L’article L.452-3 du code de la sécurité sociale prévoit qu’indépendamment de la majoration de rente qu’elle reçoit en vertu de l’article précédent, la victime a le droit de demander à l’employeur devant la juridiction de sécurité sociale la réparation du préjudice causé par les souffrances physiques et morales par elle endurées, de ses préjudices esthétiques et d’agrément ainsi que celle du préjudice résultant de la perte ou de la diminution de ses possibilités de promotion professionnelle. Si la victime est atteinte d’un taux d’incapacité permanente de 100 %, il lui est alloué, en outre, une indemnité forfaitaire égale au montant du salaire minimum légal en vigueur à la date de consolidation.
La réparation de ces préjudices est versée directement aux bénéficiaires par la caisse qui en récupère le montant auprès de l’employeur.
Selon la décision du Conseil constitutionnel en date du 18 juin 2010, en cas de faute inexcusable de l’employeur, la victime peut demander à celui-ci réparation de l’ensemble des dommages non couverts par le livre IV du code de la sécurité sociale.
En outre, par quatre arrêts rendus le 4 avril 2012, la Cour de cassation a précisé l’étendue de la réparation des préjudices due à la victime d’un accident du travail en cas de faute inexcusable de son employeur et a ainsi opéré une distinction entre les préjudices indemnisables car non couverts par le livre IV du code de la sécurité sociale et ceux qui ne le sont pas car déjà réparés au titre du livre IV.
Elle a, par un arrêt d’Assemblée plénière du 20 janvier 2023, jugé que le déficit fonctionnel permanent pouvait être indemnisé, celui-ci n’étant pas couvert par les sommes allouées au titre du livre IV du code de la sécurité sociale.

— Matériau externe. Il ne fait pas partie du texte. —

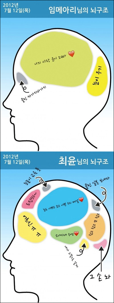이어 최윤의 뇌구조도 공개됐다.그런데 ‘눈도 이쁘고 코도 이쁜 우리 메알’이 가장 큰 부분을 차지해 임메아리를 향한 마음이 큰 것을 보여주며 앞으로 이 커플이 행복한 결말에 대한 추측을 낳게 한다. 또한 ‘소녀시대 수영’ ‘어르신’ ‘참고 참고 또 참고’ ‘콜린 일본 보내자’ 등이 담겨있어 웃음을 자아내고 있다.

Il s’ensuit que le salarié ne saurait prétendre à la réparation intégrale de ses préjudices selon les règles de droit commun, la réparation de la faute inexcusable de l’employeur continuant à relever du régime spécifique prévu par les articles L. 452-2 et L. 452-3 du code de sécurité sociale et seuls les chefs de préjudice qui ne sont pas déjà couverts par le livre IV du code de sécurité sociale peuvent faire l’objet d’une indemnisation dans les conditions du droit commun.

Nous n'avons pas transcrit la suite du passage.